■ Task requirements ■
Find, in the records below, the line that contains "Tren daha uygundur" and the line that contains "El documento describe". Copy those two lines and everything between them exactly, but not the pictures.

*** Opening of Data for this exercise ***

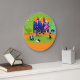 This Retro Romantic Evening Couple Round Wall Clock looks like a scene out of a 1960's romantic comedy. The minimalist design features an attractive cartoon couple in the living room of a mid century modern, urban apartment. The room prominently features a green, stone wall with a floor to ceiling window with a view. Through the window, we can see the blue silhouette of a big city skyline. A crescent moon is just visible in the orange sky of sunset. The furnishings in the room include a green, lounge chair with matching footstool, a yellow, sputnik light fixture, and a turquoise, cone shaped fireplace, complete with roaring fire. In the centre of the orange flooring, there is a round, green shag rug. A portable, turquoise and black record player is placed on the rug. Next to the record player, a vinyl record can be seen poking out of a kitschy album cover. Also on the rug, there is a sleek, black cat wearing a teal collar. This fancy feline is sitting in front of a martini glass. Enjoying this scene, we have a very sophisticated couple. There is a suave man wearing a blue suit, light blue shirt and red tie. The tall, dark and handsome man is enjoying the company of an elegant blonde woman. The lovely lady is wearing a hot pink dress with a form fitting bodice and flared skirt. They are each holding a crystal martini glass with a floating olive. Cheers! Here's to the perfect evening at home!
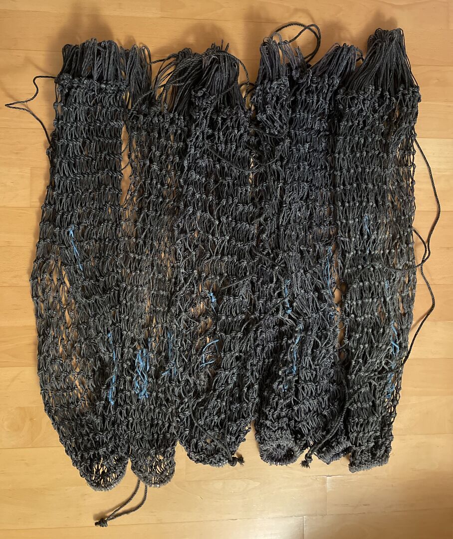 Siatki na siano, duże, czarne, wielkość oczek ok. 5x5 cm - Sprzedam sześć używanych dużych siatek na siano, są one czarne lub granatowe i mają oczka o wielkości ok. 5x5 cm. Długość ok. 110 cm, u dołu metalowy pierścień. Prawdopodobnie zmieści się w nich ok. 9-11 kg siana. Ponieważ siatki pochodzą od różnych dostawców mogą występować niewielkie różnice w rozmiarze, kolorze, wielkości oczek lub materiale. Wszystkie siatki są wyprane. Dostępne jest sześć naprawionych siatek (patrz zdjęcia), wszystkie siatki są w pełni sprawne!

*** Close of Data for this exercise ***
*** Opening of Data for this exercise ***

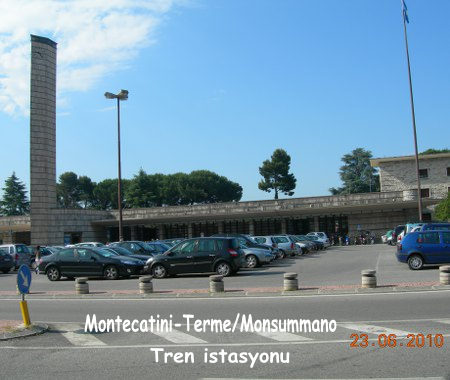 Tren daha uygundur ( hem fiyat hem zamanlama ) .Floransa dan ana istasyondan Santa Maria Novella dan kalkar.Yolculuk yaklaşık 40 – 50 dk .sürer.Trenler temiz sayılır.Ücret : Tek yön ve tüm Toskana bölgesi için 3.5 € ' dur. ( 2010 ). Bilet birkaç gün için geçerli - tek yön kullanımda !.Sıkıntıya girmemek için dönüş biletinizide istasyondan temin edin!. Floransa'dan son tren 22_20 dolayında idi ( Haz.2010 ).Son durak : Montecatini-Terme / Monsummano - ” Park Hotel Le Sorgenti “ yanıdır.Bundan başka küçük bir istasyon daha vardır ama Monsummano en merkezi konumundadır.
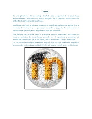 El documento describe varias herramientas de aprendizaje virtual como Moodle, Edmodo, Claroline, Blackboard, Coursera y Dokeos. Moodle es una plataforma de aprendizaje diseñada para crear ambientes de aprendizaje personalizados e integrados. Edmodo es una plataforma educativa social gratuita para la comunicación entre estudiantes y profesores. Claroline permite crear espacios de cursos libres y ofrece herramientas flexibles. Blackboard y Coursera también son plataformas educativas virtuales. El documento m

*** Close of Data for this exercise ***

■ Reply to the task ■
 Tren daha uygundur ( hem fiyat hem zamanlama ) .Floransa dan ana istasyondan Santa Maria Novella dan kalkar.Yolculuk yaklaşık 40 – 50 dk .sürer.Trenler temiz sayılır.Ücret : Tek yön ve tüm Toskana bölgesi için 3.5 € ' dur. ( 2010 ). Bilet birkaç gün için geçerli - tek yön kullanımda !.Sıkıntıya girmemek için dönüş biletinizide istasyondan temin edin!. Floransa'dan son tren 22_20 dolayında idi ( Haz.2010 ).Son durak : Montecatini-Terme / Monsummano - ” Park Hotel Le Sorgenti “ yanıdır.Bundan başka küçük bir istasyon daha vardır ama Monsummano en merkezi konumundadır.
 El documento describe varias herramientas de aprendizaje virtual como Moodle, Edmodo, Claroline, Blackboard, Coursera y Dokeos. Moodle es una plataforma de aprendizaje diseñada para crear ambientes de aprendizaje personalizados e integrados. Edmodo es una plataforma educativa social gratuita para la comunicación entre estudiantes y profesores. Claroline permite crear espacios de cursos libres y ofrece herramientas flexibles. Blackboard y Coursera también son plataformas educativas virtuales. El documento m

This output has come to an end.